Dear Friends,
This week we are reflecting on compassion and what gets in the way of compassionate responses.
That’s right. Let me back up for a minute.
Our family loves road trips and part of that love is the time it gives us to listen to audio books. On move from Camas, WA to Greensboro, NC we took ten days to drive listen through Lemony Snickett’s “
Series of Unfortunate Events” corpus. That has in turn become a kind of canon for our family.
This time, on our drive to and from Ocracoke Island, we listened through books two and three of the
Hunger Games. Which will make you think a lot about empire, power, and revolution, if that is your thing.
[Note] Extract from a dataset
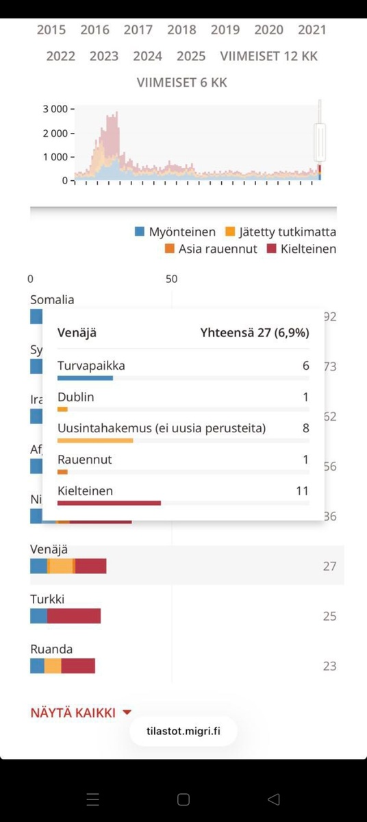 Добрый день, дорогие подписчики и читатели канала. На днях Миграционная служба Финляндии опубликовала данные, согласно которым в ноябре 2025 г. 6 граждан России получили убежище в Финляндии, 11 соискателям было отказано, также 8 человек получили отказы после повторного заявления... Вот скриншот Мигри:

In one scene in Catching Fire (Book 2), Gale, one of the protagonists and best friend of Katniss, is being whipped in the town square by the head “peacekeeper” Thread. It is a brutal scene that I won’t recount here, but it brings Gale within inches of his life. The part that struck me this time around is when Katniss looks back on that day and notices that, “Yesterday, the square emptied so quickly after Gale’s whipping.” There was a town gathered around, watching this unjust beating of Gale, and it is only Katniss (a victor of the Hunger Games so she has relatively more positional power) who steps in initially to try and stop the beating. As soon as Thread is convinced to stop the beating people flee, rather than come to Gale’s aid or see how they could help. Fear overrides compassion. Only Katniss and a couple others were willing to get into “good trouble” which saved the life of Gale. Why? What causes some to respond one way, and others to turn away?
The query for the week:
What are the obstacles (whether legitimate or not) to a compassionate response to another human being?
Thank you for reading, and I hope you will find ways to get into good trouble this week in honor of John Lewis.